* **EXERCISE AIM**: In the material below, find the line with "高槻市安満宮山古墳再現展示。舶載鏡5面は権威を示す鏡として丁寧に埋納されていた" and the line with "커피와 혈압의 관계는", then output those two lines and every line between them, exactly.

* **PROVIDED RECORDS**:
Content starts

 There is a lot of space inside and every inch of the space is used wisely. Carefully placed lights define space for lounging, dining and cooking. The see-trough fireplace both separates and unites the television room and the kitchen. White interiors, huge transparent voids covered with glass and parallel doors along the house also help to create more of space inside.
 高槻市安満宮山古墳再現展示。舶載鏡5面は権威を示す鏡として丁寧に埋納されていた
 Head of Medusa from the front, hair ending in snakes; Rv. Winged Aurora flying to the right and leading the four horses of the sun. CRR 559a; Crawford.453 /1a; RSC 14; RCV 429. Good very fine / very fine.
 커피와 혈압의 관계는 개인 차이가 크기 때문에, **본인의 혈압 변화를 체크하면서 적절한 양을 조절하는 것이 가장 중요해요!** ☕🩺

Content ends
Content starts

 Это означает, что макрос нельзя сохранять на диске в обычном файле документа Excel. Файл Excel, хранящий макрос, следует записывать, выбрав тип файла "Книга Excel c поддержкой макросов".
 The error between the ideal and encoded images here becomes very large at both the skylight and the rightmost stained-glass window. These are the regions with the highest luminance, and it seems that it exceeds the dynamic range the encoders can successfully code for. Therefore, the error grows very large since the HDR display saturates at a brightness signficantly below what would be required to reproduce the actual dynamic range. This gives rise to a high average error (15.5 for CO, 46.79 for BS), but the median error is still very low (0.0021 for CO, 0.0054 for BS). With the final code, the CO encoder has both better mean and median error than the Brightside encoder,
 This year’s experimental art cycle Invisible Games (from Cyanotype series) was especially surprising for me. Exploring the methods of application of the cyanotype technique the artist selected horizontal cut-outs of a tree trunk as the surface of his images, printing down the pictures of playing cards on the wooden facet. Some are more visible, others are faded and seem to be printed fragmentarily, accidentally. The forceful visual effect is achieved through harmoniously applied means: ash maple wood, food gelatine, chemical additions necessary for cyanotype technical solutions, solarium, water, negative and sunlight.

Content ends

* **WRITTEN ANSWER**:
 高槻市安満宮山古墳再現展示。舶載鏡5面は権威を示す鏡として丁寧に埋納されていた
 Head of Medusa from the front, hair ending in snakes; Rv. Winged Aurora flying to the right and leading the four horses of the sun. CRR 559a; Crawford.453 /1a; RSC 14; RCV 429. Good very fine / very fine.
 커피와 혈압의 관계는 개인 차이가 크기 때문에, **본인의 혈압 변화를 체크하면서 적절한 양을 조절하는 것이 가장 중요해요!** ☕🩺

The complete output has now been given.